Despite this case, the CDC says it has no plans to change its advice regarding kissing and HIV transmission. The agency maintains there is no risk through casual contact and closed mouth or "social kissing."

Because of the potential for contact with blood during "French" or open-mouthed kissing, the CDC continues to recommend against engaging in this activity with an infected person.

In this case, the man reported his gums frequently bled after he brushed and flossed his teeth.
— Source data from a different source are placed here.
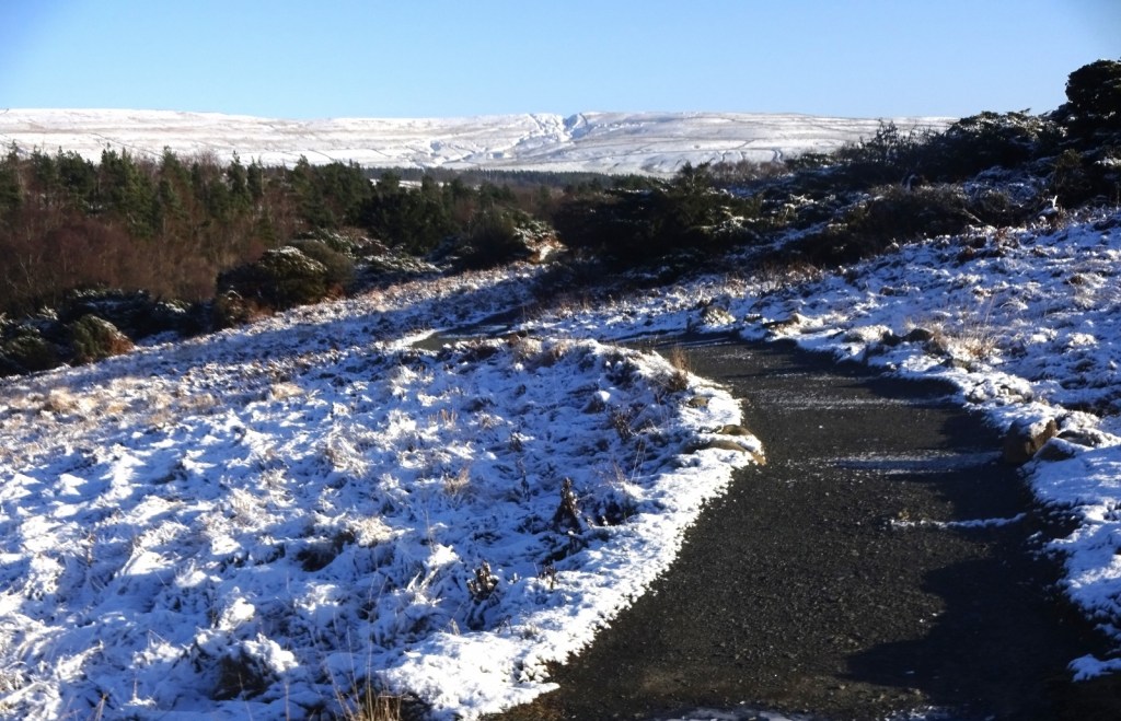 After the waterfall, we decided to turn back rather than extend our walk; it was rather cold and Vesper was having some real problems keeping her hands warm – the only pair of gloves she owned was a fairly thin pair, and even after she’d swapped them for my thicker ones, the damage was done until we could get them warmed up. The return walk by the same route was just as nice as the way out, and we soon got back to the car, warmed ourselves, and ate our packed lunches before driving back towards the house. We didn’t, in the end, stop to see Low Force a few miles down the dale – it is, as you might expect, lower than High Force both in altitude and drop, but is said to be equally if not more dramatic. I must come back some day! Our day of snowy walks continued back in Tow Law, as we went for a tramp around Hedleyhope Fell nature reserve, but you can read about that in MY PREVIOUS POST!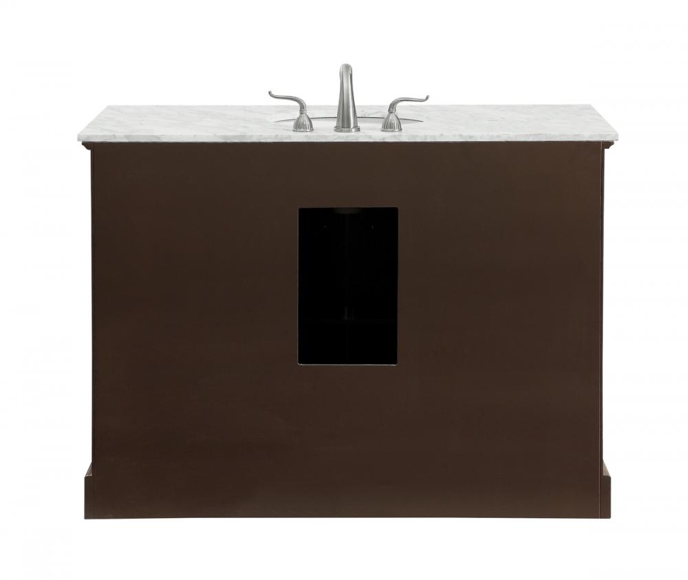From its Italian Carrara white marble top to its contemporary-styled hand painted teakwood cabinet, this member of our “Americana” vanity collection is sure to enhance either your home or office bathroom. Beneath its lustrous, natural marble top and an oval, white porcelain under mount sink, is a cabinet with 4 handsome drawers on each side and 2 center doors with a Single shelf for all your bathroom essentials, highlighted with recessed panel doors, brushed steel bar handle and knobs, stands on strong solid pedestal feet. A wonderful balance of simplicity and practical function! Measurements: W48”xD21.5”xH35”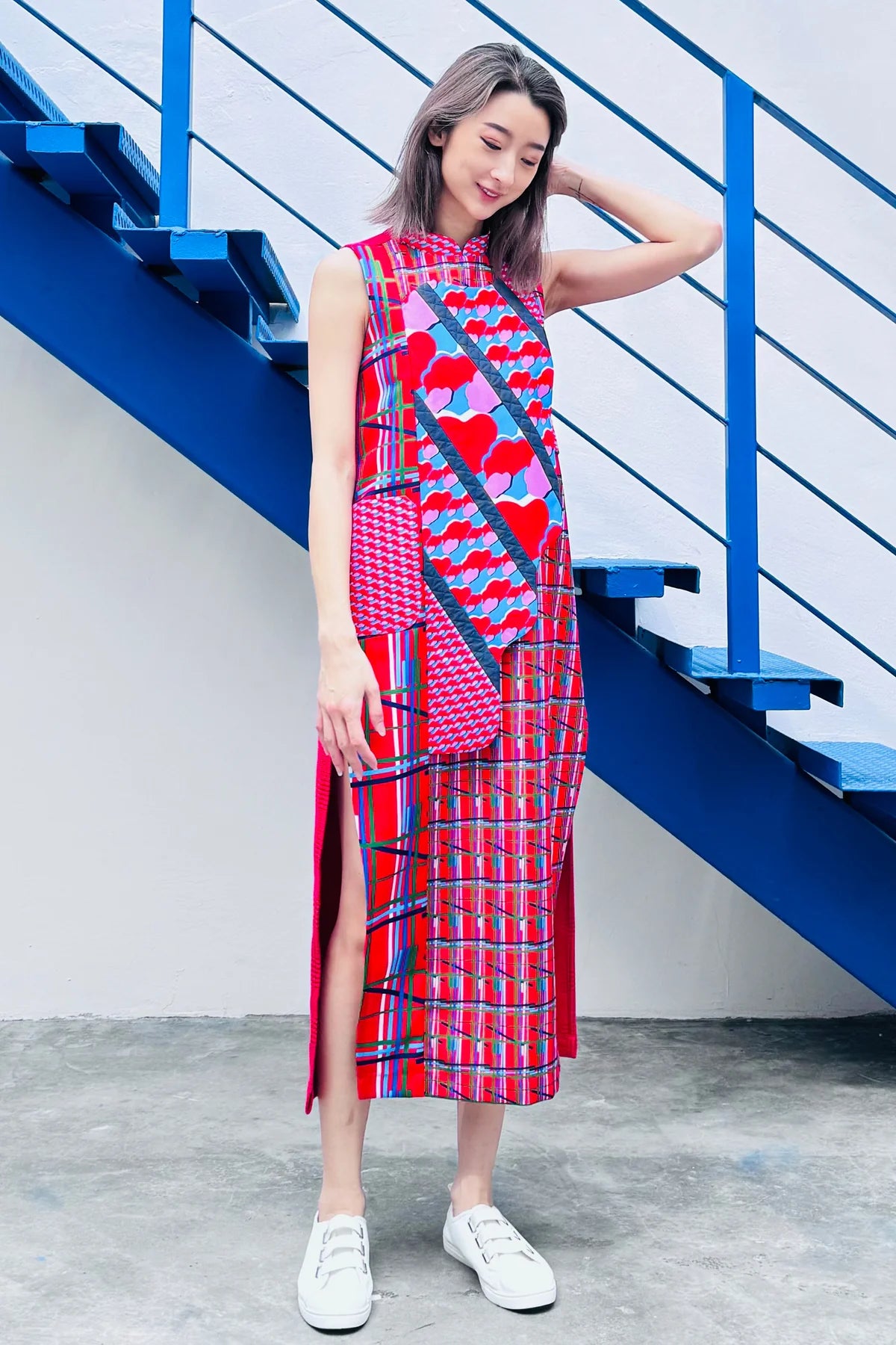 LUNAR 2024 DD03B || CURIOUS RED BROCCOLI 'CHEONGSAM' MAXI DRESS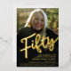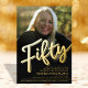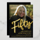 Fifty bold gold foil script text or your own foil colour. Personalise this 50th birthday party script photo birthday invitation with your own birthday party event details, and a photos of your birthday girl. Other years and matching items are available. © Original design by Sarah Trett for www.mylittleeden.com on Zazzle.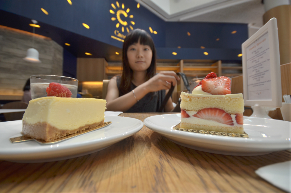 下午茶时间,shoppingmall里面的餐厅真心贵。两块蛋糕,折合人民币80元。不过很好吃的说。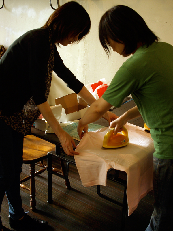 と、そのころ店長ミヤザキとぬまっちは.....ベースになるTシャツをひたすらアイロンがけしておったのでありました.....明日につづく(笑)
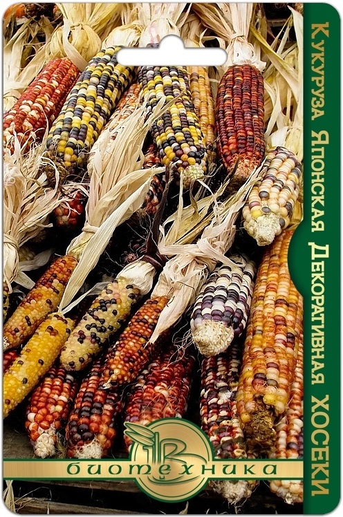 Отличное растение для дизайнерских работ. Растения крупные, высотой до 2 м с широкими светло-зелеными листьями. Отличное решение для высадки у изгородей. Формирует початки с необычными цветными зернам... Показать описаниеи. Каждый початок уникален по сочетанию расцветок. Созревшие и высушенные початки используют в зимних композициях. Цветные початки хороши как самостоятельный объект и в сочетании с различными сухоцветами. Початки сорта “Хосеки” в период молочной спелости съедобны и могут употребляться в пищу. Полностью созревшие зерна не размягчаются при варке. Важное преимущество – легко выращивается и быстро развивается. Прорастание: 5-6 дней при 18-20?С Рассада (при необходимости): 3-4 недель при 16-18 ?С Высадка рассады: апрель-май

He also reported that he and his partner usually engaged in sex and deep kissing at night, after he brushed his teeth.

The CDC says his partner also had gum disease, which weakened and thinned her gums, making it easier for the virus to get into her bloodstream.

The couple has been enrolled in a study of discordant couples (where one partner is HIV-positive and the other is negative) since 1992. As part of the study, they were periodically given questionnaires and tested for HIV. She tested positive for the first time in July 1995.

The couple reported using a latex condom during each act of intercourse and said they didn't have anal sex. During the time between her last negative test and her first positive one, the woman reported she didn't have exposure to any known risk.

The strains of HIV in both the man and woman were genetically similar, indicating that HIV was transmitted from one to the other.